Meta-analysis and Test Validation in Psychological Measurement

literature review

Meta-analysis is a research process of collating data from multiple independent but similar scientific studies in order to identify common trends and findings by means of statistical methods. To put it simply, it is a method where you can accumulate all of your research findings and analyze them statistically. It is often used in psychometrics and industrial-organizational psychology to help validate assessments. Meta-analysis not only serves as a summary of a research question but also provides a quantitative evaluation of the relationship between two variables or the effectiveness of an experiment. It can also work for examining theoretical assumptions that compete with each other.

Background of Meta-Analysis

An American statistician and researcher, Gene Glass, devised the term ‘meta-analysis’ in 1976. He called so the statistical analysis of a large amount of data from individual studies in order to integrate the findings. Medical researchers began employing meta-analysis a few years later. One of the first influential applications of this method was when Elwood and Cochrane used meta-analysis to examine the effect of aspirin on reducing recurrences of heart attacks.


Purpose of Meta-Analysis

In general, meta-analysis is aimed at two things:

  • to establish whether a study has an effect and to determine whether it is positive or negative,
  • to analyze the results of previously conducted studies to find out common trends.

Performing Meta-Analysis

Even though there could be various ways of conducting meta-analysis depending on the research purpose and field, there are eight major steps:

  1. Set a research question and propose a hypothesis
  2. Conduct a systematic review of the relevant studies
  3. Extract data from the studies to include into the meta-analysis considering sample sizes and data variability measures for intervention and control groups (the control group is under observation whilst the intervention group is under experiment)
  4. Calculate summary measures, called effect sizes (the difference in average values between intervention and control groups), and standardize
    estimates if necessary for making comparisons between the groups
  5. Choose a meta-analytical method: quantitative (traditional univariate meta-analysis, meta-regression, meta-analytic structural equation modeling) or qualitative
  6. Pick up the software depending on the complexity of the methods used and the dataset (e.g. templates for Microsoft Excel, Stata, SPSS, SAS, R, Comprehensive Meta-Analysis, RevMan), and code the effect sizes
  7. Do analyses by employing an appropriate model for comparing effect sizes using fixed effects (assumes that all observations share a common mean effect size) or random effects (assumes heterogeneity and allows for a variation of the true effect sizes across observations)
  8. Synthesize results and report them

Prior to making any conclusions and reporting results, it would be helpful to use the checklist suggested by DeSimone et al. (2021) to ensure that all crucial aspects of the meta-analysis have been addressed in your study.
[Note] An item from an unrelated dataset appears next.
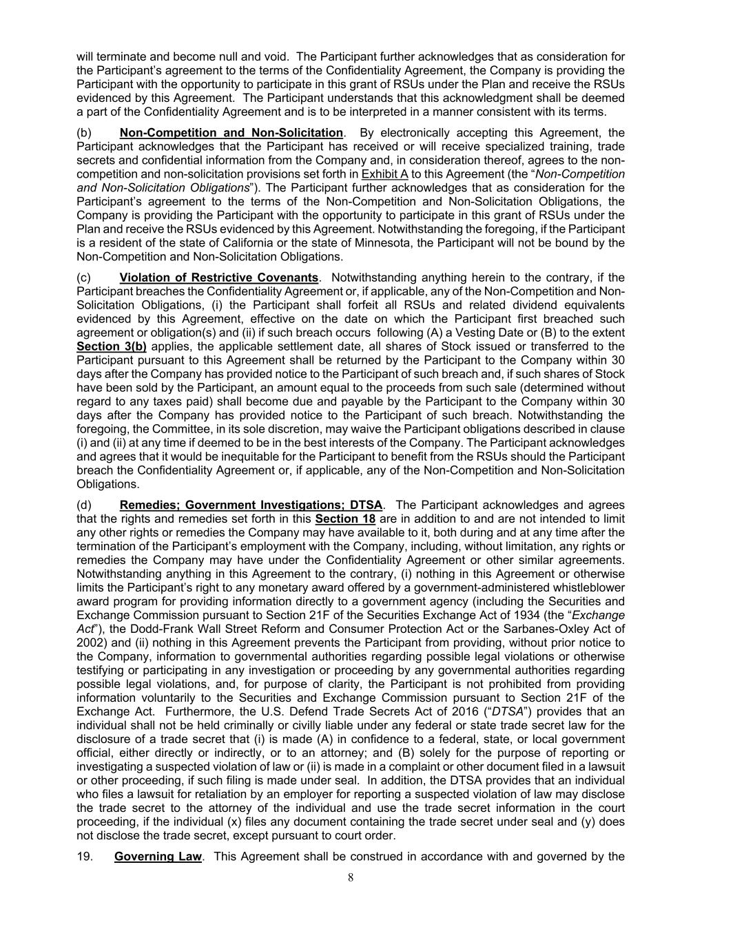 8 will terminate and become null and void. The Participant further acknowledges that as consideration for the Participant’s agreement to the terms of the Confidentiality Agreement, the Company is providing the Participant with the opportunity to participate in this grant of RSUs under the Plan and receive the RSUs evidenced by this Agreement. The Participant understands that this acknowledgment shall be deemed a part of the Confidentiality Agreement and is to be interpreted in a manner consistent with its terms. (b) Non-Competition and Non-Solicitation. By electronically accepting this Agreement, the Participant acknowledges that the Participant has received or will receive specialized training, trade secrets and confidential information from the Company and, in consideration thereof, agrees to the non- competition and non-solicitation provisions set forth in Exhibit A to this Agreement (the “Non-Competition and Non-Solicitation Obligations”). The Participant further acknowledges that as consideration for the Participant’s agreement to the terms of the Non-Competition and Non-Solicitation Obligations, the Company is providing the Participant with the opportunity to participate in this grant of RSUs under the Plan and receive the RSUs evidenced by this Agreement. Notwithstanding the foregoing, if the Participant is a resident of the state of California or the state of Minnesota, the Participant will not be bound by the Non-Competition and Non-Solicitation Obligations. (c) Violation of Restrictive Covenants. Notwithstanding anything herein to the contrary, if the Participant breaches the Confidentiality Agreement or, if applicable, any of the Non-Competition and Non- Solicitation Obligations, (i) the Participant shall forfeit all RSUs and related dividend equivalents evidenced by this Agreement, effective on the date on which the Participant first breached such agreement or obligation(s) and (ii) if such breach occurs following (A) a Vesting Date or (B) to the extent Section 3(b) applies, the applicable settlement date, all shares of Stock issued or transferred to the Participant pursuant to this Agreement shall be returned by the Participant to the Company within 30 days after the Company has provided notice to the Participant of such breach and, if such shares of Stock have been sold by the Participant, an amount equal to the proceeds from such sale (determined without regard to any taxes paid) shall become due and payable by the Participant to the Company within 30 days after the Company has provided notice to the Participant of such breach. Notwithstanding the foregoing, the Committee, in its sole discretion, may waive the Participant obligations described in clause (i) and (ii) at any time if deemed to be in the best interests of the Company. The Participant acknowledges and agrees that it would be inequitable for the Participant to benefit from the RSUs should the Participant breach the Confidentiality Agreement or, if applicable, any of the Non-Competition and Non-Solicitation Obligations. (d) Remedies; Government Investigations; DTSA. The Participant acknowledges and agrees that the rights and remedies set forth in this Section 18 are in addition to and are not intended to limit any other rights or remedies the Company may have available to it, both during and at any time after the termination of the Participant’s employment with the Company, including, without limitation, any rights or remedies the Company may have under the Confidentiality Agreement or other similar agreements. Notwithstanding anything in this Agreement to the contrary, (i) nothing in this Agreement or otherwise limits the Participant’s right to any monetary award offered by a government-administered whistleblower award program for providing information directly to a government agency (including the Securities and Exchange Commission pursuant to Section 21F of the Securities Exchange Act of 1934 (the “Exchange Act”), the Dodd-Frank Wall Street Reform and Consumer Protection Act or the Sarbanes-Oxley Act of 2002) and (ii) nothing in this Agreement prevents the Participant from providing, without prior notice to the Company, information to governmental authorities regarding possible legal violations or otherwise testifying or participating in any investigation or proceeding by any governmental authorities regarding possible legal violations, and, for purpose of clarity, the Participant is not prohibited from providing information voluntarily to the Securities and Exchange Commission pursuant to Section 21F of the Exchange Act. Furthermore, the U.S. Defend Trade Secrets Act of 2016 (“DTSA”) provides that an individual shall not be held criminally or civilly liable under any federal or state trade secret law for the disclosure of a trade secret that (i) is made (A) in confidence to a federal, state, or local government official, either directly or indirectly, or to an attorney; and (B) solely for the purpose of reporting or investigating a suspected violation of law or (ii) is made in a complaint or other document filed in a lawsuit or other proceeding, if such filing is made under seal. In addition, the DTSA provides that an individual who files a lawsuit for retaliation by an employer for reporting a suspected violation of law may disclose the trade secret to the attorney of the individual and use the trade secret information in the court proceeding, if the individual (x) files any document containing the trade secret under seal and (y) does not disclose the trade secret, except pursuant to court order. 19. Governing Law. This Agreement shall be construed in accordance with and governed by the
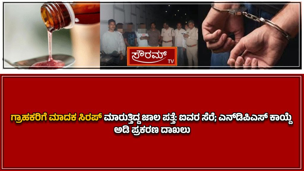 ಗ್ರಾಹಕರಿಗೆ ಮಾದಕ ಸಿರಪ್ ಮಾರುತ್ತಿದ್ದ ಜಾಲ ಪತ್ತೆ: ಐವರ ಸೆರೆ; ಎನ್ಡಿಪಿಎಸ್ ಕಾಯ್ದೆ ಅಡಿ ಪ್ರಕರಣ ದಾಖಲು

Meta-Analysis in Assessment and Psychometrics: Test Validation and Validity Generalization

Due to its versatility, meta-analysis is used in various fields of research, in particular as a test validation strategy in psychology and psychometrics. The most common situation to apply meta-analysis is validating the use of tests in workplace in the field of personnel psychology and pre-employment testing. The classic example of such application is the work done by Schmidt and Hunter (1998) who analyzed 85 years of research on what best predicts job performance. This is one of the most important articles in that topic. It has been recently updated by Sackett et al. (2021) with slightly different results.

How is meta-analysis applied to such a situation?  Well, start be reconceptualizing a “sample” as a set of studies, not a set of people. So let’s say we find 100 studies that use pre-employment tests to select examinees by predicting job performance (obviously, there are far more). Because most studies use more than one test, there might be 77 that use a general cognitive ability test, 63 that use a conscientiousness assessment, 24 that use a situational judgment test, etc. We look at the correlation coefficients reported for those first 77 studies and find that the average is 0.51, while the average correlation for conscientiousness is 0.44 and for SJTs is 0.39. You can see how this is extremely useful in a practical sense, as a practitioner that might be tasked with selecting an assessment battery!

Meta-analysis studies will often go further and clean up the results, by tossing studies with poor methodology or skewed samples, and applying corrections for things like range restriction and unreliability. This enhances the validity of the overall results. To see such an example, visit the Sackett et al. (2021) article.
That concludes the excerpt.